The thought of being nude in public is worse than actually getting your kit off, she adds. "While I am doing it I don't really feel embarrassed or out of place, there is no sense of being judged. But then I go home and see myself naked in the mirror and go 'My legs are hairy' and 'I have cellulite' and 'Did I pull my stomach in?'"

The 18 evening performances, from January 7, are recommended for people aged 16 and older. At one special sold-out show for adults-only, arranged at the request of a naturist group, the audience will be nude too.

The crowd at this week's dress rehearsal was warned "don't touch the art unless the art touches you". It's hard to know where to look first. Modigliani's Seated Nude with Necklace? Or the pair of lithe women intertwined on a bench nearby?

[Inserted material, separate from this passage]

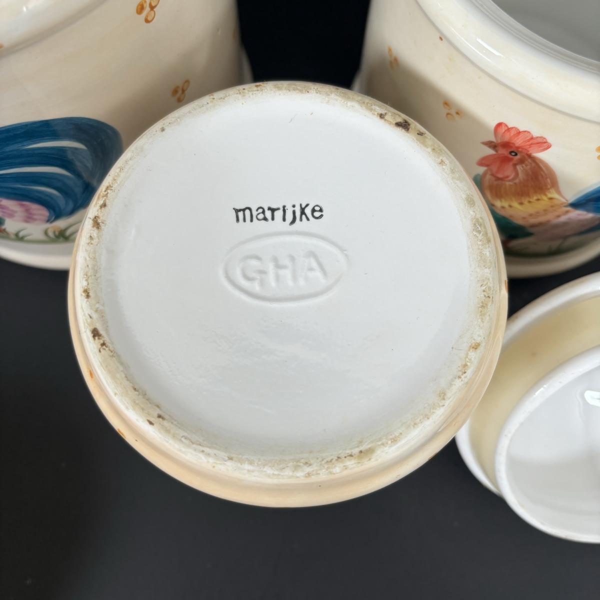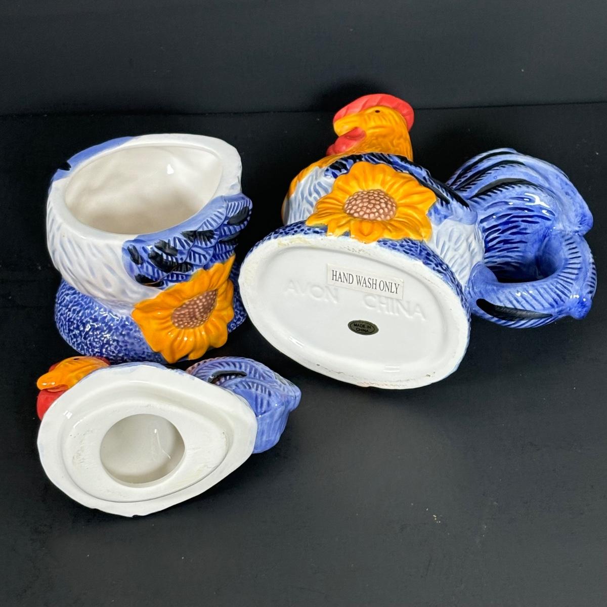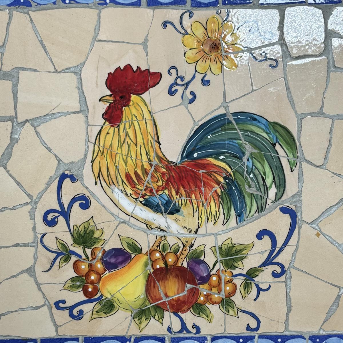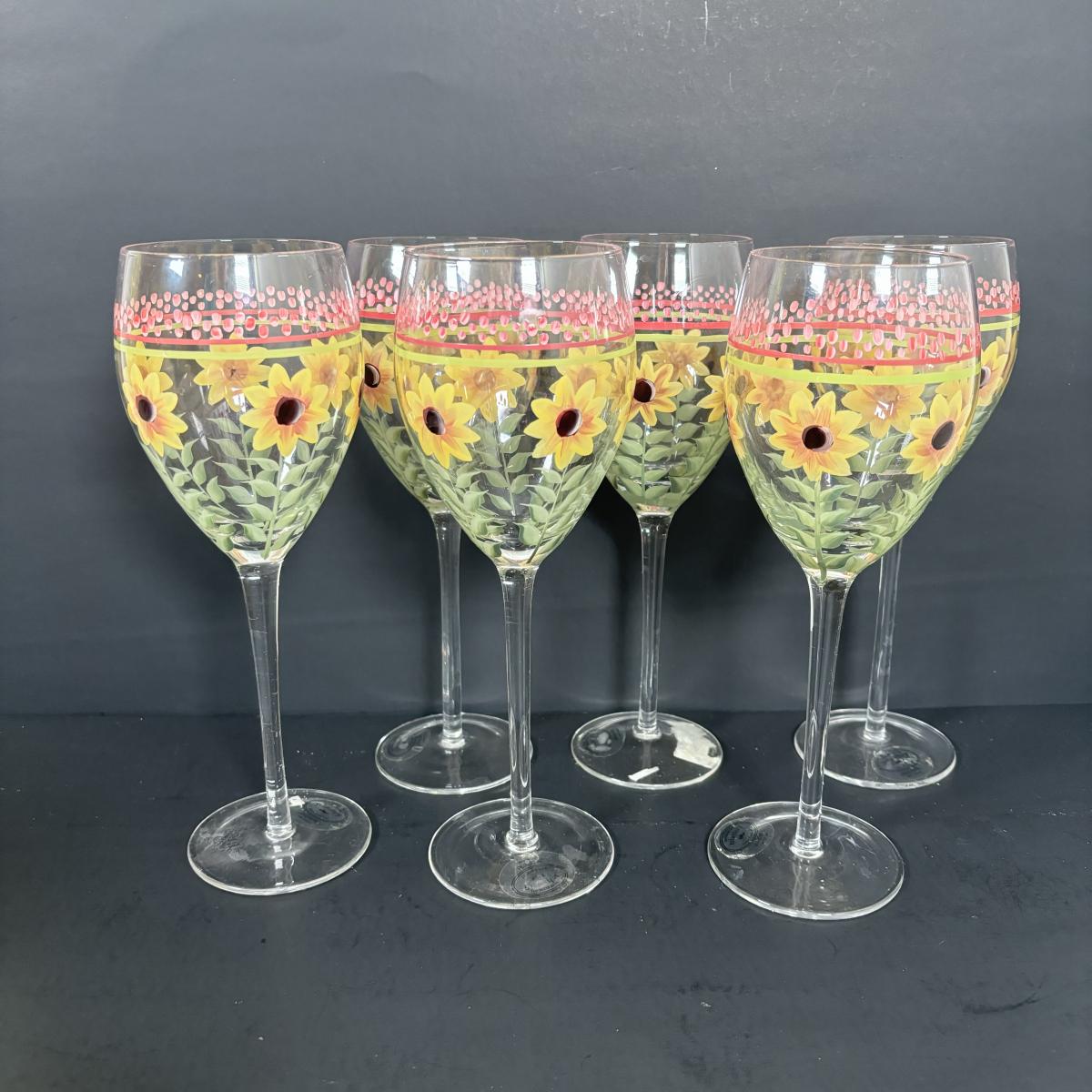 LOT 25: Roosters & Sunflower Collection: Mosaic Tray, Canisters, Salt/Pepper, Trivet, The Secrets of Pistoulet by Pfaltzgraff Hand Painted Water/Wine Glasses (6)

After the first blush of full-frontal nudity, the dancers seem to meld with the other artworks on show. Jopp leads me by the hand to a room where dancers are in flux before a Francis Bacon triptych. Despite all that jiggling flesh and perfectly tended pubic hair, it's not meant to titillate – oddly enough, they'd be more alluring in their undies.

"The human body is pretty weird, really," Mack says. "Sometimes as a man you are quite happy for people to see your penis but other days, or in other temperatures, you are not OK. But we have no control over what people are looking at."

Choreographer Rafael Bonachela says the naked body is beautiful, raw, sensual and confronting. "Everyone's curious about what you don't see," he says. "We tend to associate how someone dresses with who they may or may not be.

"By taking away the designer clothes and the designer bags, you realise it doesn't really matter. We are all naked and we are all human beings. We become a blank canvas."